A promotional clip of the band performing the song was made by the band independently, using 18mm video tape; this was played on The Old Grey Whistle Test in 1973 as a fill in when one of the scheduled artists failed to appear, but was thought to be lost. The film was later rediscovered, without the sound; this was restored by a technician at BBC Wales, and the clip was made available by the band with the remaster of the Never Turn Your Back on a Friend album in 2004. The video subsequently received over 8.6 million views on YouTube.

"Breadfan" is considered to be an influence on the development of progressive metal.

==Metallica cover==
Metallica released a cover of the song in September 1988 as the B-side to their singles "Harvester of Sorrow", and "Eye of the Beholder". It was later included on their 1998 album Garage Inc., and was also used as an encore during their 1988–1989 tour supporting their ...And Justice for All album. A live video version is present on the Live Shit: Binge & Purge boxed set, taken from their Seattle concerts on August 29 and 30, 1989, where it was performed in the second encore. It was frequently used as an opener on the Shit Hits the Sheds Tour, and was also played with frequency during the Madly In Anger with the World and World Magnetic Tours. A short clip of "Breadfan" is played at the beginning of the "Whiskey in the Jar" music video.

==Other notable covers==
- Sweet Savage at the 2008 Wacken Open Air festival.
- The Japanese band Ningen Isu also covered the song and it was recorded on their 1990 album No Longer Human under the name "針の山" (Hari no Yama - Hell's Mountain of Needles) as well as many live performances.
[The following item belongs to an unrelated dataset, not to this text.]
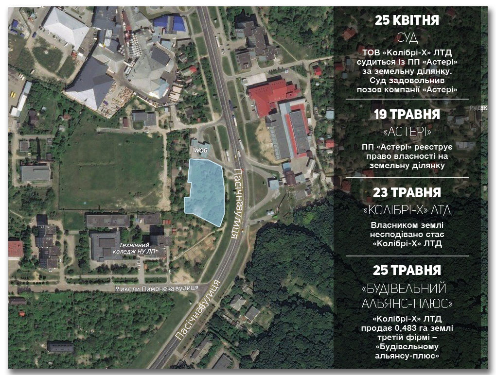 Ділянка площею 0,483 га на вулиці Пасічна, 146, про яку піде мова далі, вперше з’являється в рішенні Господарського суду Львівської області від квітня 2017 року. Дві львівські фірми подали позови одна проти одної – ТОВ «Колібрі-Х» ЛТД та ПП «Астері».

Their version is not a direct translation, but rather an adaptation using concepts of a person's journey to Hell and their cyclic torture and penitence in the Mountain of Needles, sung in Japanese.
- The song was also covered by the Welsh band Florence Black.
- Rocky Gray also did a cover of the song for the console launch trailer of the video game Road Redemption.
- The song is played at the Principality Stadium in Cardiff during Welsh Rugby Union matches.
- The English band Alunah covered this song to coincide with the 50th anniversary of the release of Never Turn Your Back On A Friend.